In the previous article, we gave Aria a personality and taught her to return reliable, structured answers. But try asking her something like "What's in my inbox?" and you'll hit a wall immediately — she'll either make something up or admit she has no way to know. Aria can talk beautifully. She just can't do anything yet.

That changes today. We're giving Aria her first real ability: checking an inbox.

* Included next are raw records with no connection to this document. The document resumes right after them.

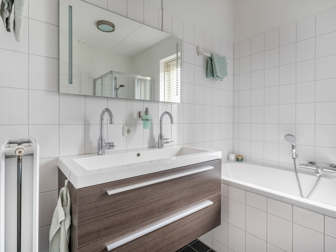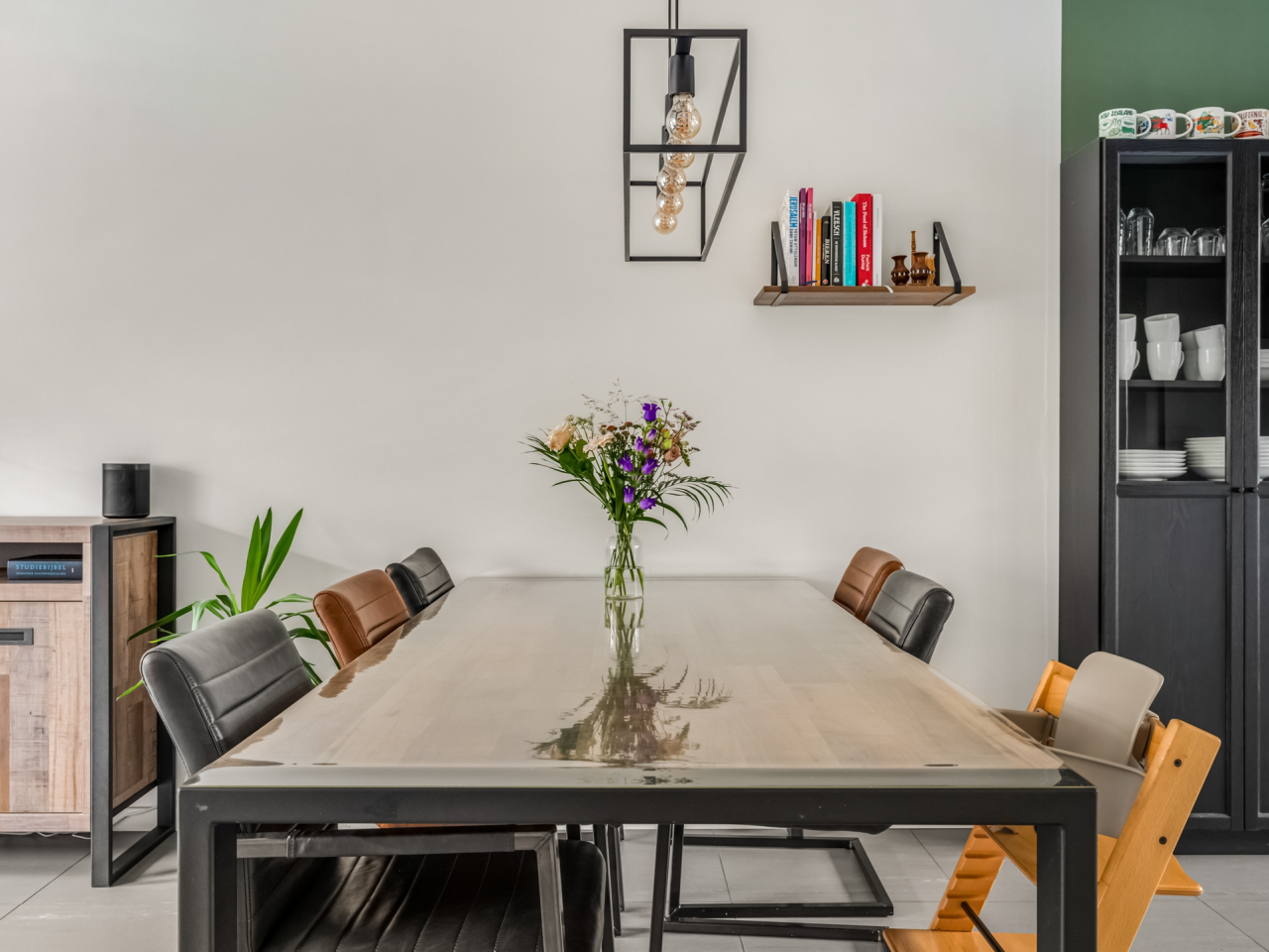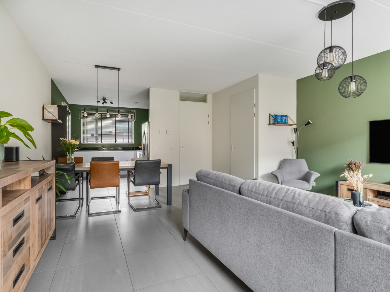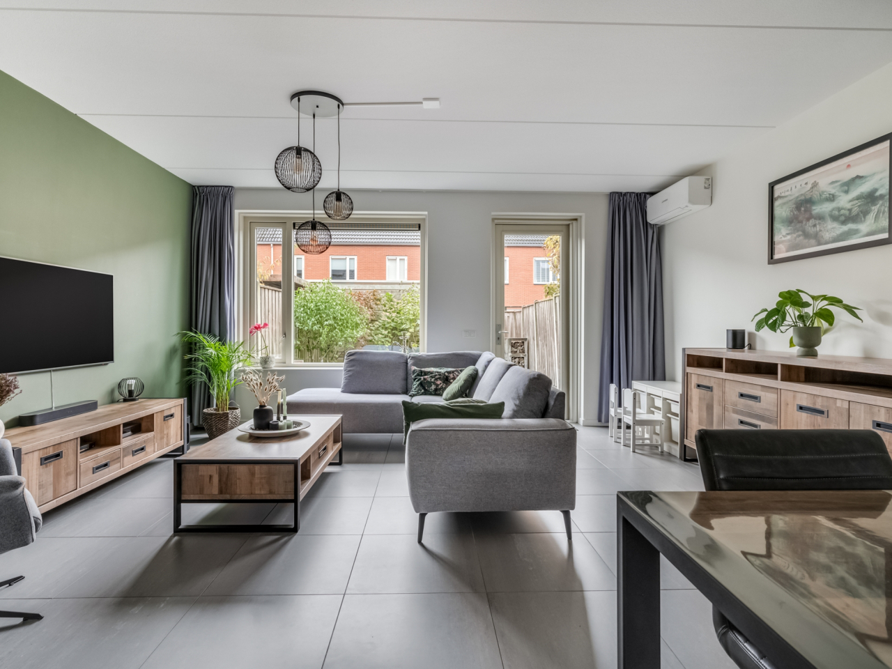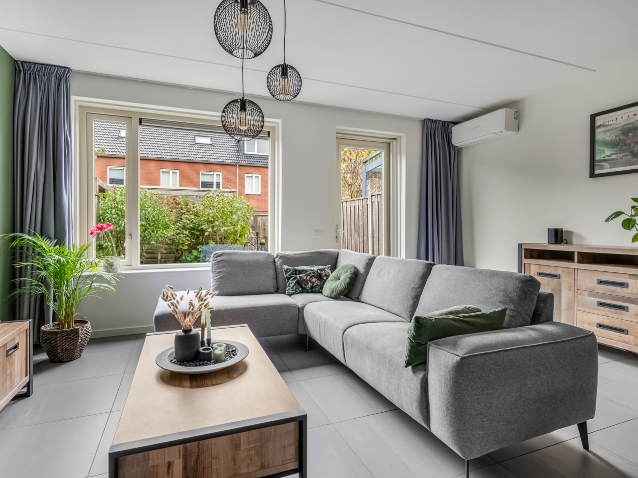 De tuingerichte woonkamer is heerlijk licht, beschikt over een deur naar de achtertuin en een praktische trapkast. De strakke afwerking maakt dat verhuizen hier direct mogelijk is. Door de recent geïnstalleerde airconditioning blijft het hier ook in de zomer heerlijk koel.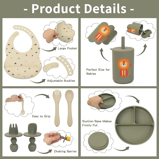 • Baby Feeding Set: Get your baby to love mealtime and free up mom's hands! This 8-piece baby feeding set includes 1 suction-divided plate, 1 straw cup, 2 baby bib with a catch pocket, 1 first-stage toddler fork, 1 first-stage toddler spoon,2 long-handled forks and spoons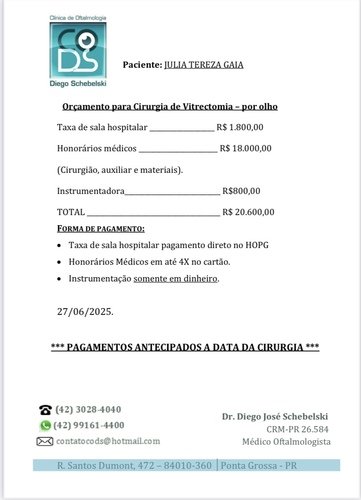 Agora, ela terá que passar por uma nova cirurgia e essa cirurgia vai custar 20,600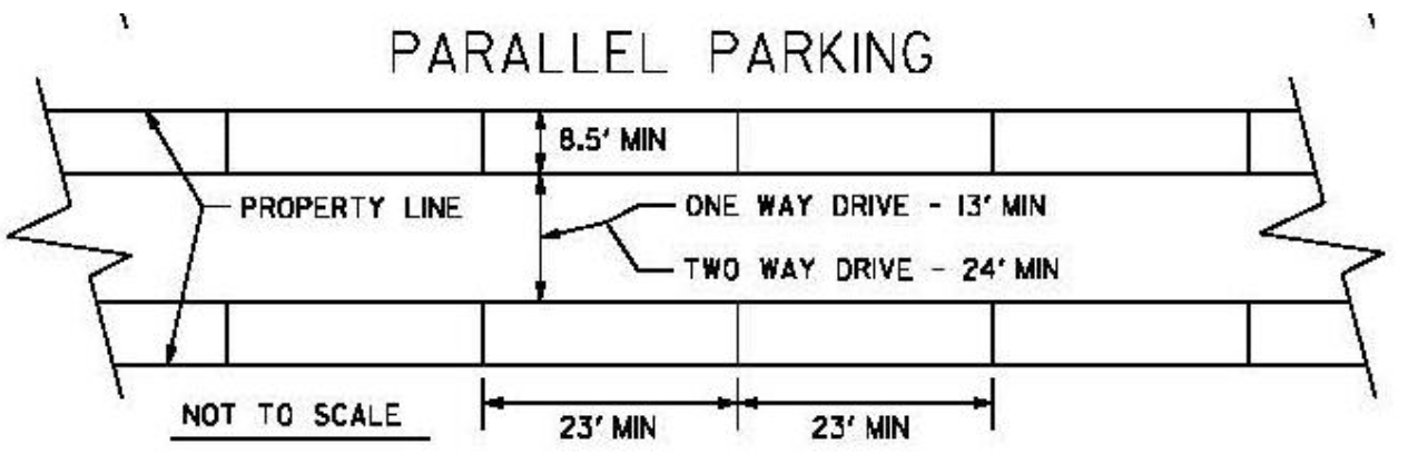 Each off-street parking space shall consist of an open area measuring at least nine (9) feet wide by twenty (20) feet long and seven (7) feet high; provided, however, that parallel parking spaces shall measure at least eight and one-half (8.5) feet wide by twenty-three (23) feet long and seven (7) feet high.

By the end of this article, you'll understand exactly what a "tool" is in LangChain, how to define one, and — this is the part beginners usually find surprising — how an agent actually decides whether to use it.

🟢 Skill level: Beginner.

Quick Reference

When to use this: Whenever your agent needs to do something beyond generating text — fetch data, run a calculation, call an API, check a database.

Basic syntax:

from langchain.tools import tool

@tool
def check_inbox() -> str:
"""Check the inbox for recent emails."""
return "..."

agent = create_agent(model="gpt-5-nano", tools=[check_inbox])

Common patterns:

  • A tool is just a regular Python function with a @tool decorator and a docstring
  • The agent reads the docstring to decide when a tool is relevant — it never sees your function's code
  • The agent doesn't run the tool itself; LangChain executes it and feeds the result back to the model

Gotchas:

  • ⚠️ A missing or vague docstring is the #1 reason a tool never gets called — the model only knows what the docstring tells it.
  • ⚠️ Adding a tool to tools=[...] doesn't mean it's used every time — the agent decides per-question whether it's relevant.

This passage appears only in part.